Lomba beduk sahur ini mengusung tema Madinah lengkap dengan gambaran Masjidil Haram dan Ka’bah di Mekah, Arah Saudi.
Perwakilan tim, Apri, menyebutkan bahwa PSA X Miftahul Jannah sudah cukup lama terlibat dalam kompetisi beduk sahur di Samarinda.
“Sudah tiga tahun lebih kami ini ,” ujarnya saat ditemui di sela-sela latihan, Minggu, 22 Februari 2026.
Dalam perjalanannya, tim ini tidak sedikit mengoleksi gelar juara. Meski begitu, Apri mengaku perjalanan mereka tidak selalu mulus.
“Kalau juara sih alhamdulillah banyak aja. Banyak juga kena prank kami ini sebenarnya, cuma alhamdulillah ada aja juara kami,” katanya.
Apri menyebut, tim nya sudah memperoleh sekitar tujuh gelar yang pernah diraih. “Pernah juara 1, juara 2, juara 3. Alhamdulillah sekitar 7 gelar,” ungkapnya.
Untuk tahun 2026 ini, pembukaan lomba dijadwalkan pada 28 Februari di Samarinda Seberang. Persiapan pun telah dimulai jauh hari, yakni sekitar tiga bulan sebelumnya.
Jumlah anggota tim sekitar 17 orang. Soal pembagian peran, mereka melakukannya secara fleksibel. “Kalau pembagian alatnya itu sesuai hati mereka aja sih sambil diajari juga,” jelasnya.

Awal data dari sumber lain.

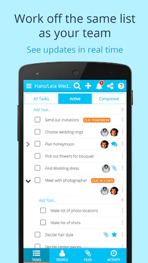 - Real-time Collaboration - See the same tasks that the rest of your team sees. Everyone in your team can see tasks get updated and checked off in real time.
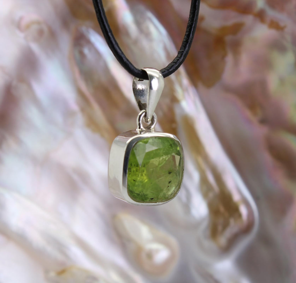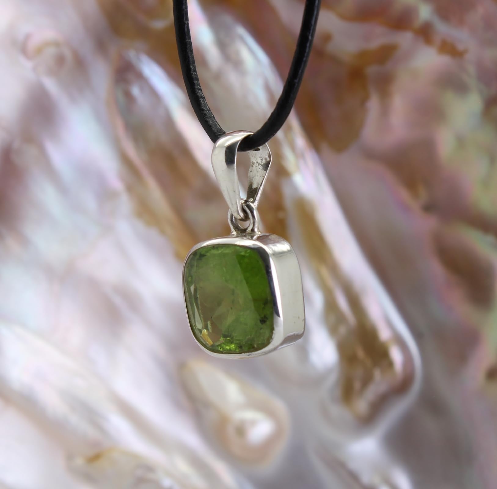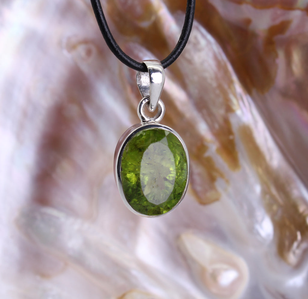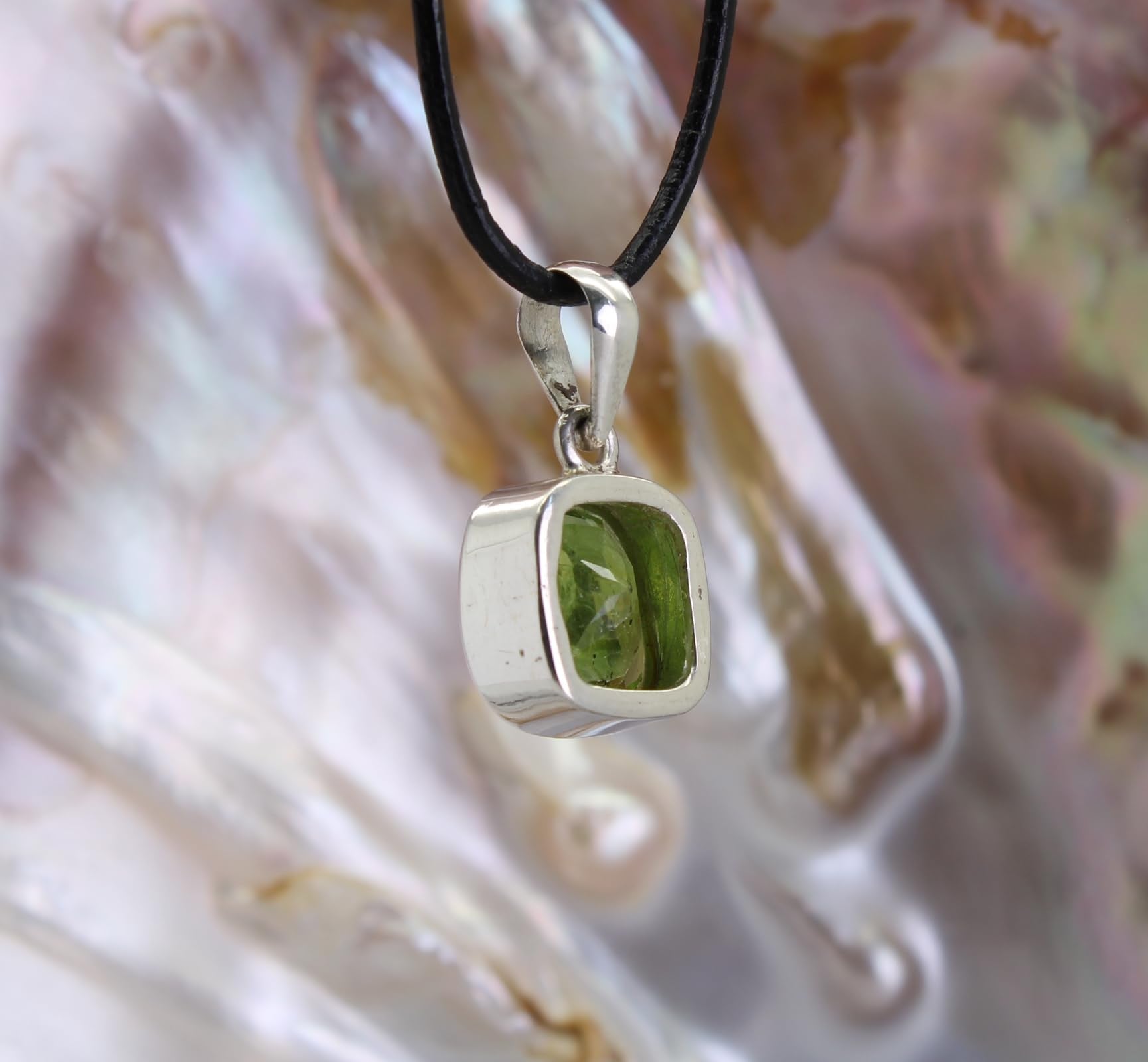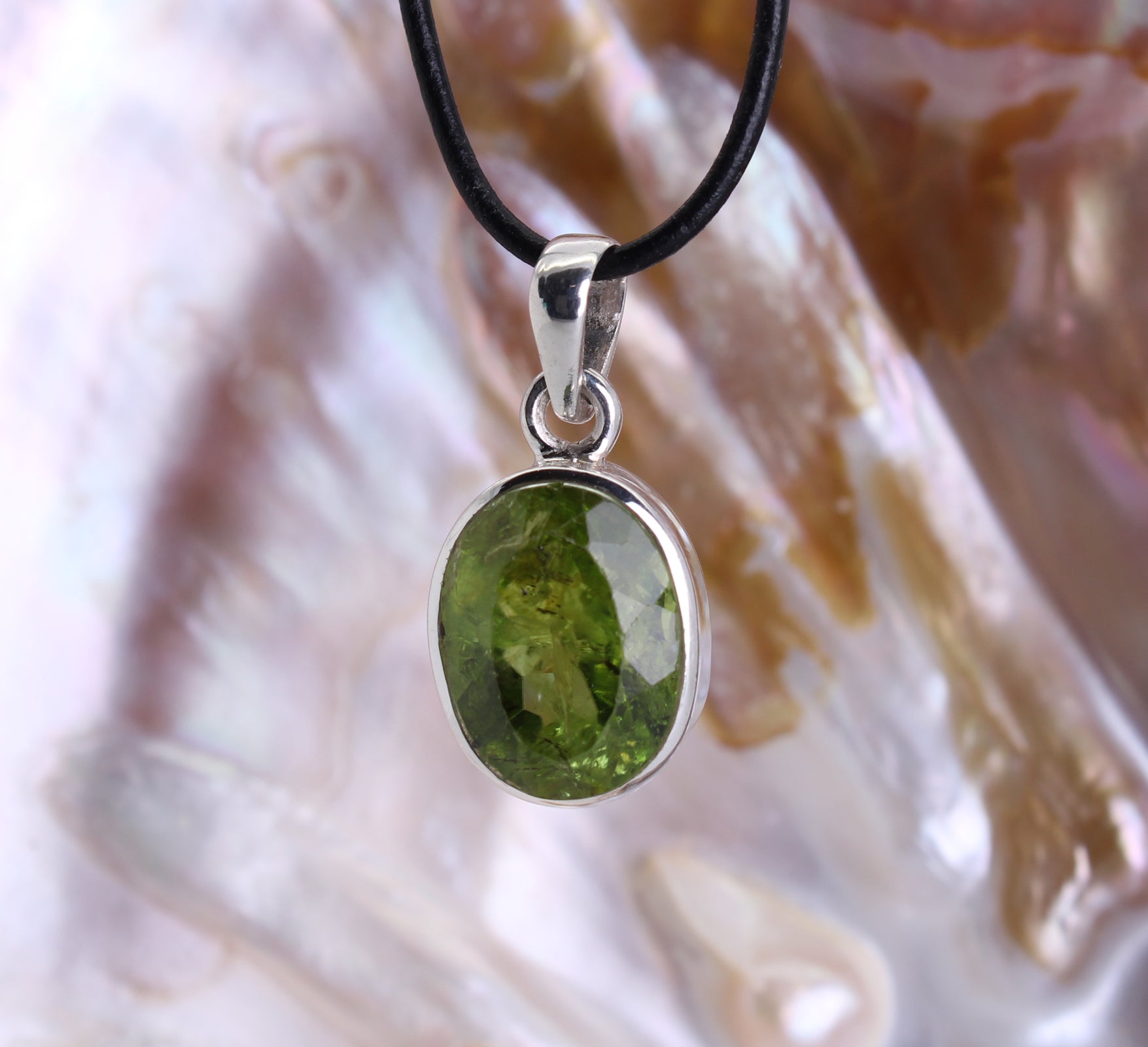 Peridot Anhänger – Facettierter Edelstein ca. 2,6×1,3 cm im 925er Silber, inkl. 1 m Lederband & Geschenkschachtel

Menurutnya, kebersamaan dan rasa nyaman menjadi kunci dalam membangun kekompakan sebuah tim.
Tahun ini, PSA X Miftahul Jannah mengusung konsep yang berbeda dari sebelumnya.
“Konsep tahun ini yang kami bawakan adalah Madinah, insyaallah. Madinah, full dengan Mekkahnya, Masjidil Haram, Ka’bahnya, lengkap,” terangnya.
Jika tahun lalu mereka menampilkan ornamen gajah yang besar, kali ini nuansa Madinah akan mendominasi dekorasi.
Selain konsep visual, tim juga menyiapkan inovasi dalam aransemen.
“Kami juga ada banyak improvisasi aransemen. Insyaallah lebih mantap kali ini,” tegasnya.
Di balik persiapan panjang tersebut, terdapat tantangan yang harus dihadapi tim, terutama soal waktu.
Apri menjelaskan bahwa sebagian anggota harus membagi waktu antara bekerja dan latihan sehingga cukup sulit mengatur jadwal.
Menurutnya, dalam kondisi seperti itu, salah satu harus ada yang dikorbankan agar keduanya tetap bisa berjalan.
Meski demikian, dukungan dari lingkungan sekitar menjadi penyemangat tersendiri.
“Untuk tahun ini alhamdulillah ada aja dari masyarakat sekitar untuk nyokong bantu kami” ujarnya.
Bagi PSA X Miftahul Jannah, beduk sahur bukan sekadar hobi, tetapi juga memiliki makna kebersamaan dan menjaga tradisi.
“Buat kami, beduk sahur ini bukan cuma hobi, tapi juga tempat kami kumpul, jaga kekompakan, sama-sama meramaikan Ramadan. Selama masih diberi umur, insyaallah kami main terus dan terus jaga tradisi ini,” ungkap Apri.
Saat disinggung mengenai target tahun 2026 ini, ia menjawab dengan lugas dan penuh keyakinan bahwa timnya ingin terus meraih juara.
Apri juga berharap akan ada generasi penerus yang melanjutkan perjuangan mereka, seraya menyampaikan keinginan agar setelah mereka nanti tetap ada yang meneruskan tradisi tersebut.
Ke depan, tim ini menaruh harapan besar agar pelaksanaan lomba beduk sahur terus berkembang dan semakin semarak.
“Kami berharap ke depannya acaranya bisa lebih megah, lebih ramai pesertanya, dan jenis lombanya juga semakin banyak,” pungkasnya.